Corporate debt is projected to swell over the next several years, thanks to cheap money from global central banks, according to a report Wednesday that warns of a potential crisis from all that new, borrowed cash floating around.
By 2020, business debt likely will climb to $75 trillion from its current $51 trillion level, according to S&P Global Ratings. Under normal conditions, that wouldn't be a major problem so long as credit quality stays high, interest rates and inflation remain low, and there are economic growth persists.
However, the alternative is less pleasant should those conditions not persist. Should interest rates rise and economic conditions worsen, corporate America could be facing a major problem as it seeks to manage that debt. Rolling over bonds would become more difficult should inflation gain and rates raise, while a slowing economy would worsen business conditions and make paying off the debt more difficult.

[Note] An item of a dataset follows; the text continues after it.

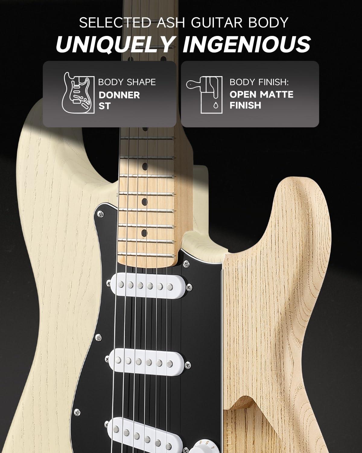 PERFECT FOR ALL, UNIQUE FOR YOU:Whether for kids or adult, beginner or seasoned, this all-inclusive set is the ideal way to kickstart your rock journey. Crafted from premium Manchurian Ash with an open matte finish, each guitar is uniquely beautiful and makes an unforgettable present for any occasion, from Christmas to birthdays

In that case, a "Crexit," or withdrawal by lenders from the credit markets, could occur and lead to a sudden tightening of conditions that could trigger another financial scare.
"A worst-case scenario would be a series of major negative surprises sparking a crisis of confidence around the globe," S&P said in the report. "These unforeseen events could quickly destabilize the market, pushing investors and lenders to exit riskier positions ('Crexit' scenario). If mishandled, this could result in credit growth collapsing as it did during the global financial crisis."
In fact, S&P considers a correction in the credit markets to be "inevitable." The only question is degree.
The firm worries that investors have been overly willing in their hunt for yield to buy speculative-grade corporate debt. This has been true not only in the United States but also China, which has used borrowing to spur growth but now finds itself at an economic crossroads.